Labour & European Law Review Weekly Issue 364 09 April 2014
Although Early Conciliation (EC) only applies to tribunal claims lodged on or after 6 May (see weekly LELR 357), transitional provisions allow prospective claimants to use the process on a voluntary basis from 6 April.
If those claimants decide to contact Acas in the period between 6 April and 5 May 2014, they then need an Early Conciliation Certificate before they can lodge their claim, even if this is before 6 May. This is because it contains a unique reference number which has to be put on the ET1 form.
Those claimants also benefit from an extension to the normal time limits (usually three months less one day from the date of dismissal or other act complained of) for lodging an Employment Tribunal claim. During the period of conciliation, which is the time when ACAS is contacted (known as Day A) and the time when the Early Conciliation Certificate is issued (known as Day B), the time limit is “paused”. The time limit starts to run again when the claimant receives their Certificate once EC has finished. Once Early Conciliation has ended the claimant has at least one calendar month in which to present their claim.
It is also important to remember that if the claim is already out of time, it remains out of time. Early conciliation will not bring the claim back in time.
However, as the responsibility rests with the claimant to ensure the claim is lodged in time, it is safest to always work to the three month less one day time limit. If in doubt contact your union representative to ensure that time has not run out.
It is also important to note that the government has amended the original statutory instrument which required claimants to name just one potential respondent (usually their employer) on their EC form, even if there was more than one. However, it has now issued an amendment whereby prospective claimants have to submit a form for each respondent. Or if they contact Acas by phone, they must name each prospective respondent in that telephone call.
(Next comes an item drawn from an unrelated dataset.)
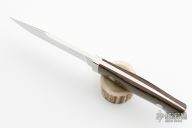 Robert Waldorf Loveless (January 2, 1929 – September 2, 2010), a.k.a. Bob Loveless or RW Loveless, was an American knife maker who designed and popularized the hollowground drop point blade and the use of full tapered tangs and screw-type handle scale fasteners within the art of knifemaking. A hunting knife on the table of nearly any American knifemaker today will show the influence of knifemaker Bob Loveless. In the beginning he turned the knife industry on its ear, and made modern handmade knifemaking possible. He was at the beginning of everything: The Knifemaker’s Guild, drop point hunters, high quality steels, custom designs, How to Make Knives books, the Japanese Knifemakers Guild, the rise of Japanese cutlery manufacturers, utilizing handmade designs for American manufacturers. You name it and Loveless has had a hand in it. He is cited by other knifemakers and collectors as one of the most innovative custom knife makers in the world. Inducted into the Blade Magazine Cutlery Hall of Fame in 1985.

Early conciliation applies to most employment tribunal claims including unfair dismissal, unlawful deduction from wages, discrimination claims, collective redundancies, breach of contract and whistleblowing.
Claims which are exempt include those for interim relief; employer contract claims; various other claims relating to appeals against improvement notices and training levies as well as references in respect of payments out of the National Insurance Fund and claims against the Security Service, the Secret Intelligence Service and GCHQ.
Jo Seery of Thompsons Solicitors commented:
“Coming on the back of fees with no obligation on the employer to conciliate – and no penalty on the employer if they don’t - it is likely that early conciliation will be just another hurdle the employee will have to overcome before being able to access justice.”